Bottromycyna A2 wykazywała niską aktywność mikromolarną wobec wszystkich badanych szczepów, w zakresie od MIC 0,5 μg/ml w E. faecalis NCTC12203 do 2 μg/ml w MRSA HH-1. Stwierdzono, że rodziny amidów i pochodnych mocznika mają słabszą aktywność przeciwbakteryjną niż bottromycyna A2 przeciwko S. aureus , MRSA i VRE. Wartości MIC dla pochodnych amidowych i mocznikowych były na ogół czterokrotnie większe niż wartości dla bottromycyny A2. Były one jednak znacznie bardziej stabilne w osoczu myszy niż bottromycyna A2. Bottromycyna A2 całkowicie rozkładała się w osoczu myszy po 10 minutach i wykazywała 0% aktywność resztkową po ekspozycji na surowicę szczura. Tylko jedna pochodna miała aktywność resztkową poniżej 50%. W przeciwieństwie do tego wiele pochodnych zachowało znaczny procent resztkowej aktywności anty-MRSA po ekspozycji na surowicę. Stwierdzono, że tioestrowe związki pośrednie do pochodnych ketonowych są niestabilne, wykazując aktywność resztkową 0%, chociaż mają lepszą aktywność przeciwbakteryjną, wykazując submikromolarne wartości MIC. Keton propylowy okazał się najbardziej obiecującą pochodną ze wszystkich otrzymanych analogów, wykazując zarówno aktywność przeciwbakteryjną wobec badanych szczepów bakteryjnych, jak i stabilność w osoczu, zachowując 100% aktywność resztkową. Wartości MIC uzyskane dla pochodnej propylowej były takie same jak dla bottromycyny A2, z wyjątkiem przypadku NCTC12201, dla którego MIC wynosiło 2 μg/ml dla pochodnej i MIC 1 μg/ml dla bottromycyny A2. Podsumowanie wartości MIC dla badanych szczepów bakteryjnych przedstawiono poniżej.

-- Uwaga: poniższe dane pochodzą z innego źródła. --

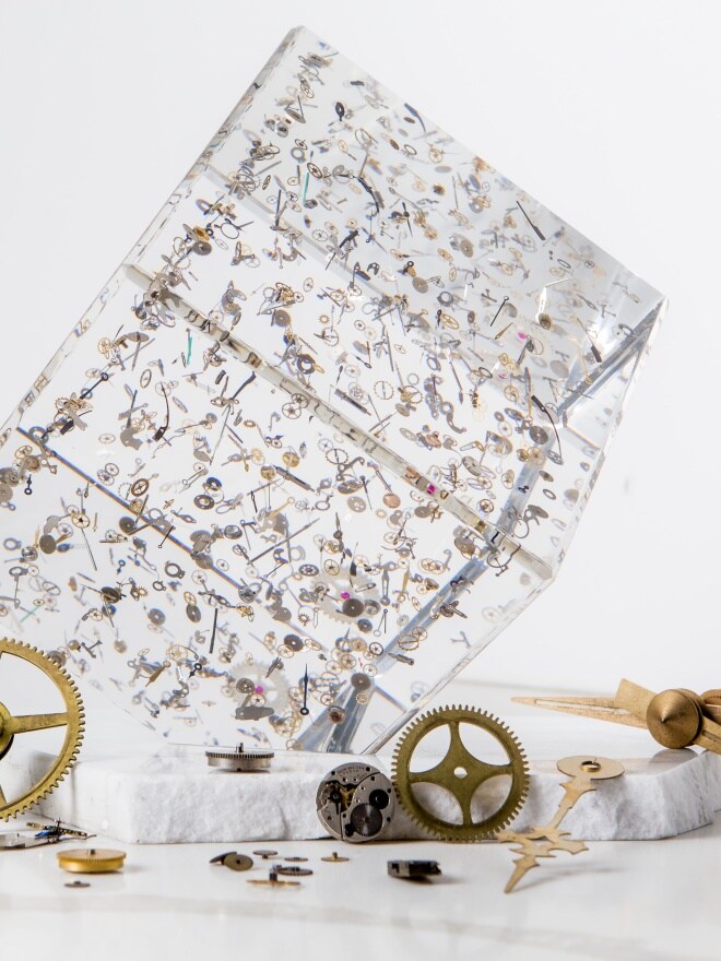 Clocks are more than just timepieces. They can serve as the centerpiece of any room, whether it's the living room or the study. They can sit on a table or hang on a wall, and their designs can be traditional, minimalist, or futuristic. Some clocks, like those by Jaeger-LeCoultre, have windows that allow you to see their sophisticated inner workings. Wall clocks by Wempe Glashütte i/SA and Erwin Sattler feature large pendulums. Qlocktwo clocks are handcrafted masterpieces that display the time in words using an illuminated matrix of letters.

Nawet najmniej aktywne pochodne bottromycyny wykazywały większą aktywność przeciw VRE niż wankomycyna, którą zastosowano jako antybiotyk kontrolny w tym badaniu. Pochodna propylowa i bottromycyna A2 miały podobne działanie przeciwbakteryjne do linezolidu , syntetycznego antybiotyku aktywnego przeciwko bakteriom Gram-dodatnim, w tym MRSA i VRE, we wszystkich badanych szczepach bakteryjnych. Podsumowując, wyniki tego badania sugerują, że dalsze modyfikacje bottromycyny mogą prowadzić do bardziej stabilnego, skutecznego antybiotyku.

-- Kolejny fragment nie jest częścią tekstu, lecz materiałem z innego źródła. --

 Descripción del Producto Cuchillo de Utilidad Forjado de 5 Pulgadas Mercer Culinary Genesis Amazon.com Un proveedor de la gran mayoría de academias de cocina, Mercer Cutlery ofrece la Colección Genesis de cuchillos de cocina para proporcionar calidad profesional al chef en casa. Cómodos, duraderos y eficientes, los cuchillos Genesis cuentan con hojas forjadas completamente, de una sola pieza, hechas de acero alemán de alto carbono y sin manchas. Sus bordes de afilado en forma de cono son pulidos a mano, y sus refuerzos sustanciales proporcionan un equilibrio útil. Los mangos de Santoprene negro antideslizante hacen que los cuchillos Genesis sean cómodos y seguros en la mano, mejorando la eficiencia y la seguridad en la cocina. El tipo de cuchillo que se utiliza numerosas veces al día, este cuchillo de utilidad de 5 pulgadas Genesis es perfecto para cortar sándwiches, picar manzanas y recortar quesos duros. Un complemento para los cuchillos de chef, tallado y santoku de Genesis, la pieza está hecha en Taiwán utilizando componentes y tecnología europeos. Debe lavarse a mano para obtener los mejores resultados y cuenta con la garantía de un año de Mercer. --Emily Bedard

| Mieszanina | S. aureus FDA209P (μg/ml) | S. aureus Smith (μg/ml) | MRSA HH-1 (μg/ml) | MRSA 92-1191 (μg/ml) | VRE NCTC12201 (μg/ml) | VRE NCTC12203 (μg/ml) | Resztkowa aktywność anty-MRSA (%) |
|---|---|---|---|---|---|---|---|
| Bottromycyna A2 | 1 | 1 | 1 | 2 | 1 | 0,5 | 0 |
| Hydrolizowana bottromycyna A2 (kwas karboksylowy) | 64 | 64 | 64 | 128 | 128 | 32 | - |
| Pochodna propylu | 1 | 1 | 1 | 2 | 2 | 0,5 | 100 |
| Wankomycyna | 1 | 1 | 0,5 | 1 | >128 | >128 | - |
| Linezolid | 2 | 2 | 2 | 2 | 2 | 2 | - |
Zidentyfikowano również naturalną pochodną bottromycyny, bottromycynę D. Jest wytwarzany w morskim Streptomyces , szczep WMMB272. Chociaż ester metylowy jest nadal obecny w bottromycynie D, jedna z makrocyklicznych walin jest zmutowana do alaniny. Określono minimalne stężenie hamujące (MIC) bottromycyny D i stwierdzono, że jest ona tylko nieznacznie mniej aktywna niż bottromycyna A2 (2 μg/ml dla bottromycyny D w porównaniu z 1 μg/ml dla bottromycyny A2 ) . Autorzy postulowali, że za mniejszą aktywność bottromycyny D może odpowiadać większa elastyczność konformacyjna bottromycyny D.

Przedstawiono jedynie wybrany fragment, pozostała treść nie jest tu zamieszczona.